* Prompt *
From the first line of the data through the line containing "Бейгүл Ю. Н.", transcribe each line exactly. Pictures do not belong in the copy.

* Input records *

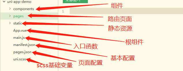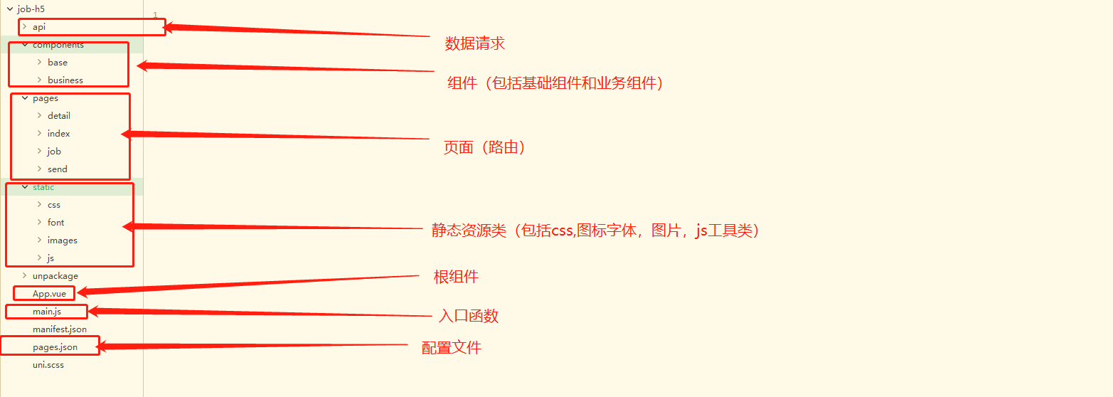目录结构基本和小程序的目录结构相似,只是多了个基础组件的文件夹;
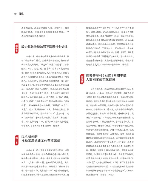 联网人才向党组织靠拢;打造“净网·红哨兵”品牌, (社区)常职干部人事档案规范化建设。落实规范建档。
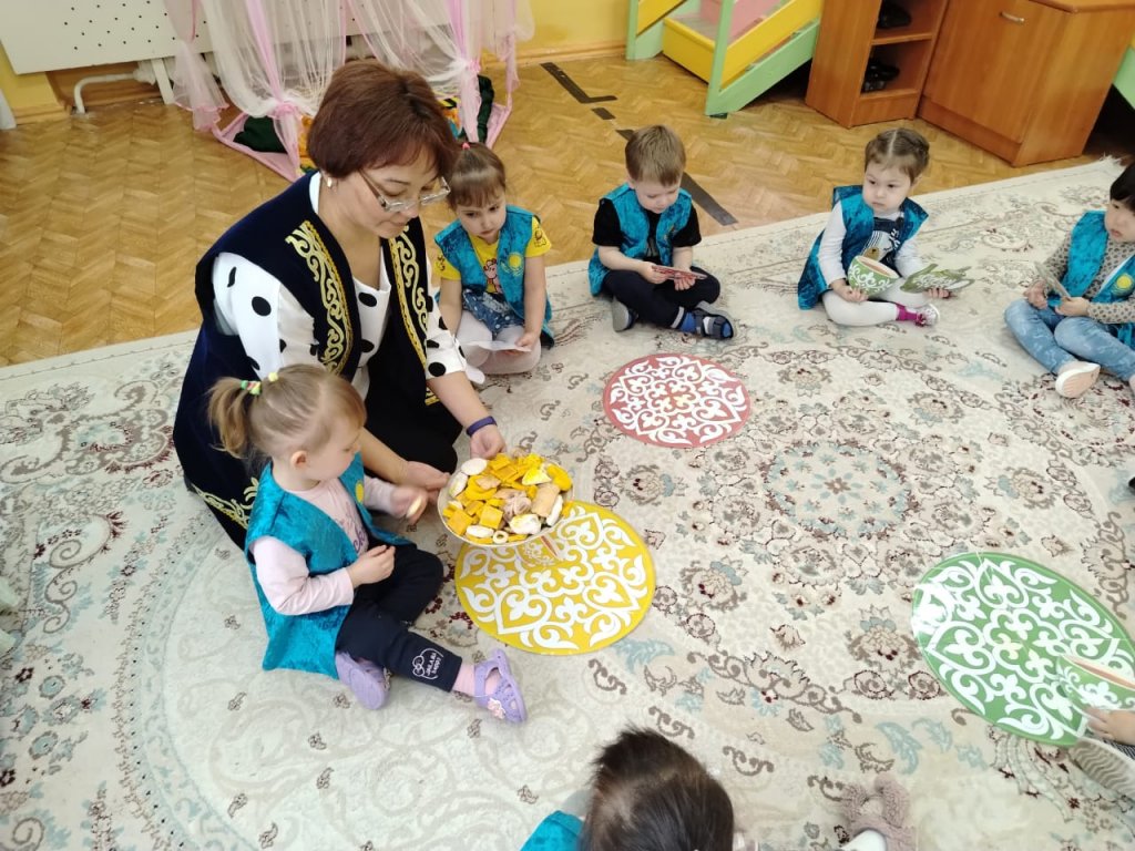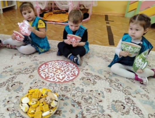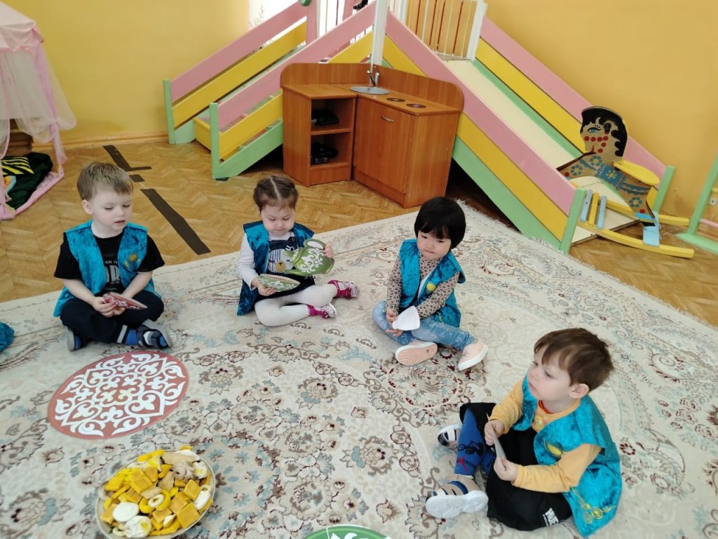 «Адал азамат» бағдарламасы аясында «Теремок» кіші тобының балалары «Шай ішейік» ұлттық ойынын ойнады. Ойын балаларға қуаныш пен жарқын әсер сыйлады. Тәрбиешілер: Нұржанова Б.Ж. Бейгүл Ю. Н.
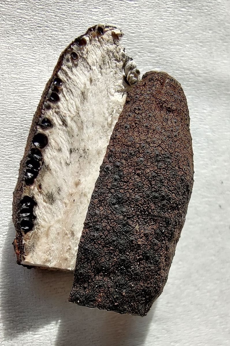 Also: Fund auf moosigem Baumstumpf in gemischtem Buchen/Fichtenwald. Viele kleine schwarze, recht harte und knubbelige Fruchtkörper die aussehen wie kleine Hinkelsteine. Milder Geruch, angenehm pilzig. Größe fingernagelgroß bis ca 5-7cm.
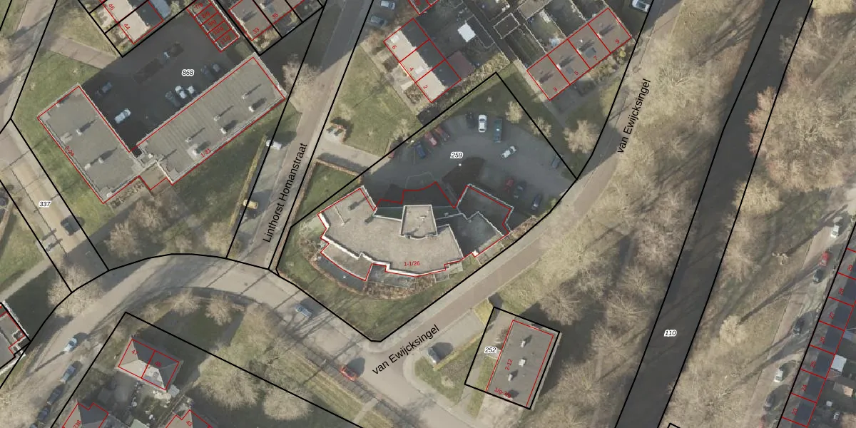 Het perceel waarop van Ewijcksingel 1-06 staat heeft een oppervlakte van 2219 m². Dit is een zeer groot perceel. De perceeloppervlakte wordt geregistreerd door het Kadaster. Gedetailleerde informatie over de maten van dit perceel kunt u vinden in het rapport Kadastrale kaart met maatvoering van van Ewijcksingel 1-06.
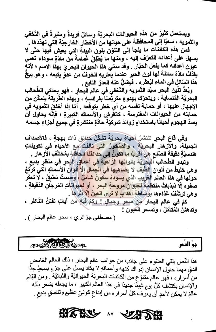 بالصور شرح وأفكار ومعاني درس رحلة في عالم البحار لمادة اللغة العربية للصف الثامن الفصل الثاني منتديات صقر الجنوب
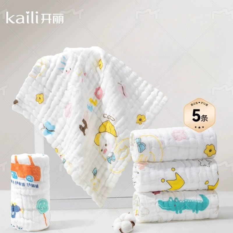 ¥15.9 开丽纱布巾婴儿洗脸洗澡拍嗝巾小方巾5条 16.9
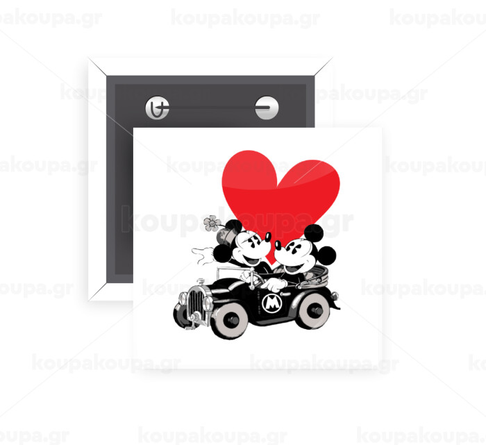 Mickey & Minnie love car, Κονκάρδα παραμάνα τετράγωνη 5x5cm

* Task answer *
目录结构基本和小程序的目录结构相似,只是多了个基础组件的文件夹;
 联网人才向党组织靠拢;打造“净网·红哨兵”品牌, (社区)常职干部人事档案规范化建设。落实规范建档。
 «Адал азамат» бағдарламасы аясында «Теремок» кіші тобының балалары «Шай ішейік» ұлттық ойынын ойнады. Ойын балаларға қуаныш пен жарқын әсер сыйлады. Тәрбиешілер: Нұржанова Б.Ж. Бейгүл Ю. Н.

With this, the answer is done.